In one of our training programs, we teach people how to connect something somebody already cares about to the climate crisis because it is the umbrella issue. All of life lives underneath the skies. So, if you care about health and well-being, for example, then there is a direct connection. From the North American wildfires, for example, to flooding in the United Kingdom, there is a direct impact on people’s health. Even if you are not directly affected, the stress of the event impacts the health and livelihoods of a whole town as people are without internet and power, which directly influences people’s well-being.

When we teach people coaching skills, we teach people how to engage on a human level, listen well, and ask questions that are not about fixing somebody. But to show you care about them, you respect them. We go through how to overcome differences in a way that says, ‘I really care about your views.’”

Charly Cox

How does Climate Change Coaching differ from other forms of coaching?
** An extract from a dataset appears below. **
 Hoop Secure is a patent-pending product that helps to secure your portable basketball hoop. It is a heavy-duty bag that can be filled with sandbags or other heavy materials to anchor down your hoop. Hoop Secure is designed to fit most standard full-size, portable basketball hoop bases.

“In many ways, it is just niching. Coaches are not very good at niching, and it is edgy because we do not want to exclude people, partly from scarcity or a value of inclusion, but that makes it very hard for people to find you. And so, ‘badging yourself up’ helps in two ways: I attract clients who want to talk about climate, but I still coach the odd person who does not have a connection to climate. I never talk about it with them because it is not their agenda, but gradually, they start talking about it. What is noticeable is that the clients I had before the change have started doing things about sustainability simply by being in the presence of someone who is doing it, even though we never talked about that subject in coaching.

I have also had new mothers pay a lot of money for coaching with me. Now, that is a category that people say, ‘No, they would never pay for conversations about climate change.’ If they care enough about it, yes, they would. There is a big misconception that no one is interested in this unless it is their job. Personally, that has not proved to be true at all.”

Charly Cox

How can coaches support clients who want to address climate change?
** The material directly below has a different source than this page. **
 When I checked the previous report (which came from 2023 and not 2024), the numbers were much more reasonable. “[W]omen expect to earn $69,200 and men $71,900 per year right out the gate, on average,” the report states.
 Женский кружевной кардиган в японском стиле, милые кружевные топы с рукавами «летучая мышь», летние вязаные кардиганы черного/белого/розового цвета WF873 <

“With our clients, we see fear running rife, and we have coaching skills for addressing fear, including fear of change. We are moving people from helplessness and helping them into a place of purpose and motivation. And so, every time you have a conversation, whether on the street, in the shop, or in a coaching conversation, you should be listening to where the fear is and moving people into a sense of empowerment.
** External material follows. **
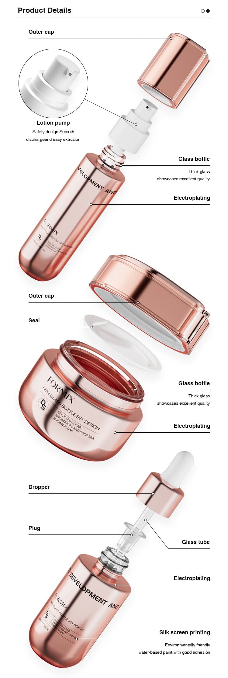 Luxury Rose Gold Glass Cosmetic Bottle Set with Custom Logo for Skincare Packaging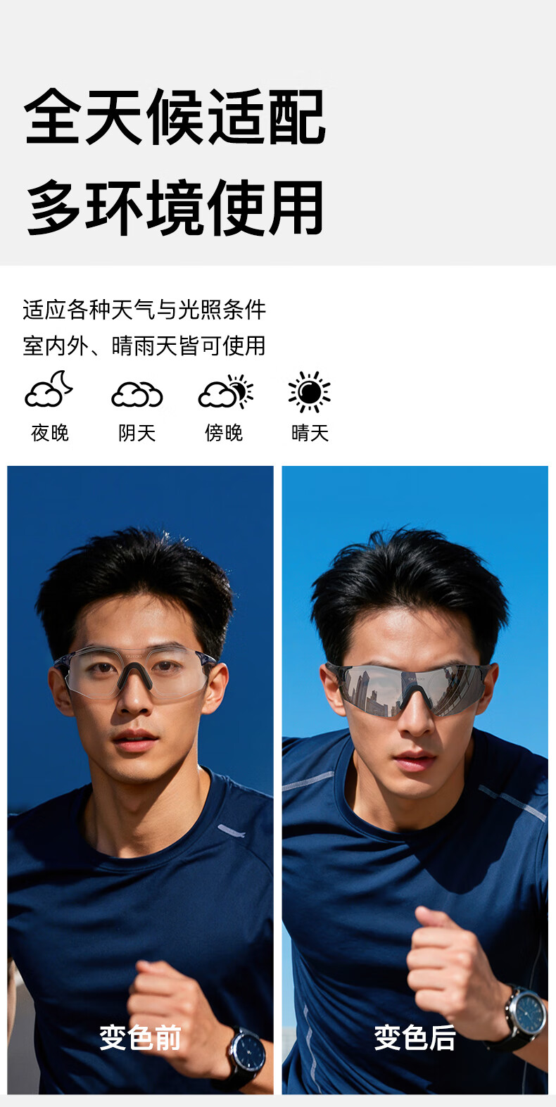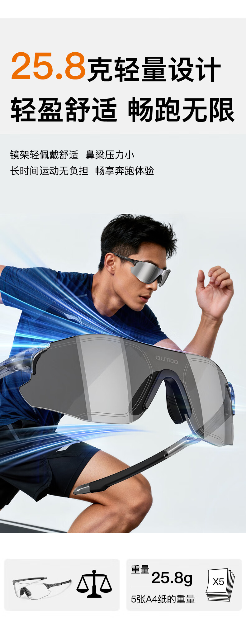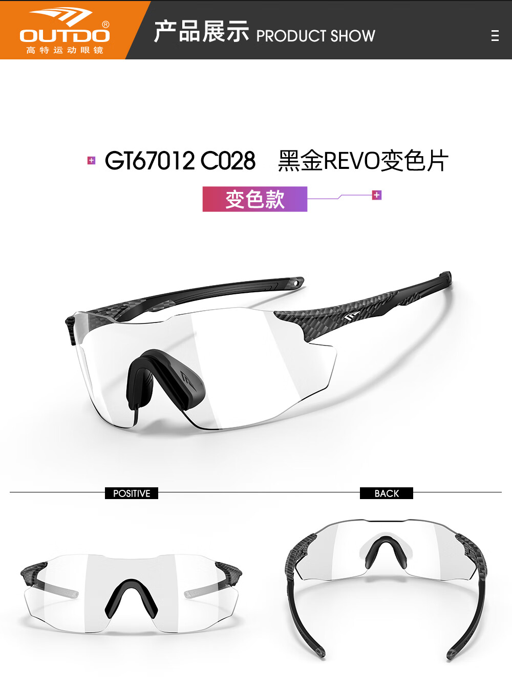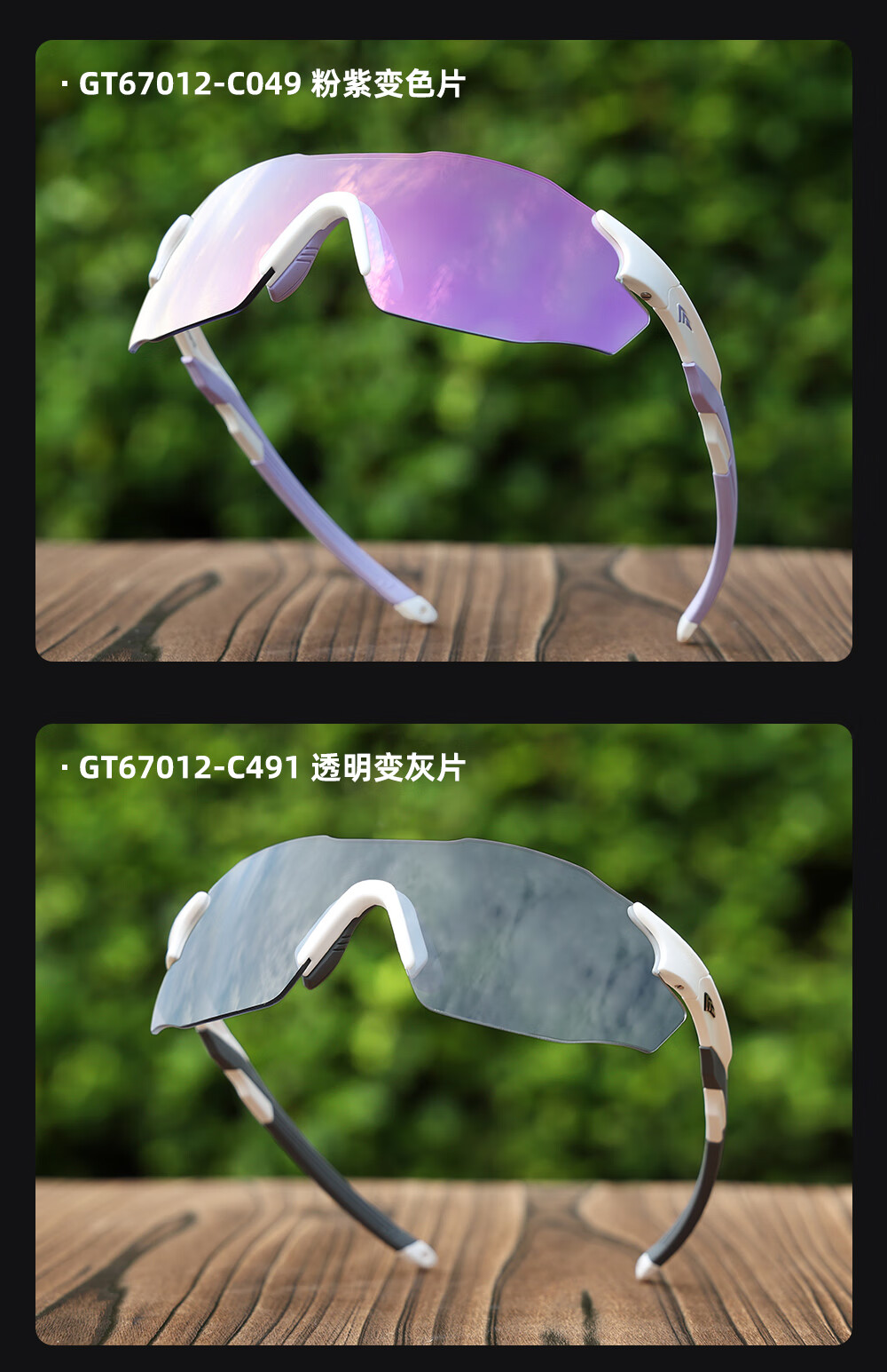 高特(OUTDO)跑步眼镜马拉松男女防紫外线护目镜登山偏光运动太阳镜变色墨镜 变色款GT67012-C049白框粉紫

The big win from the pandemic was the imaginative leap that it created in what we do in a global crisis. During the pandemic, we pulled together, and we started valuing something other than what we could buy and earn. For example, we started valuing our medical colleagues far more than investment managers. For environmentalists, it points to ‘We did this already; we can do it again.’”

Charly Cox

What skills will people need to address climate change and the future of well-being?

“There will be technical skills that people will need. Many activists I have worked with have talked about needing to learn how to grow your own food and how to fix things again because we have forgotten that or made things unfixable. We might have to get back to things that can be fixed.

But really, having the ability to pull together as communities and protect each other’s mental well-being. Having the skills to overcome differences and, therefore, have difficult conversations skillfully rather than aggressively and disrespectfully. They think it will all be about how we support each other.”

Charly Cox

What role will coaches play in supporting the future of well-being for people and the planet?

“When you think of these spaces where big difficult problems exist, like climate, they are polarized, aggressive, judgmental, and splintered. Coaches can come into those spaces with compassion and non-judgment. There is something about the way we show up in these spaces and then help people understand how systems change by helping them feel empowered to act.

Coaches will be overworked in the sense that we will be the ones helping people to remember their human skills, compassion, kindness, and nonjudgment. Helping people process their big feelings so they can still be in the world and still imagine possibility and opportunity when it looks like there are none.”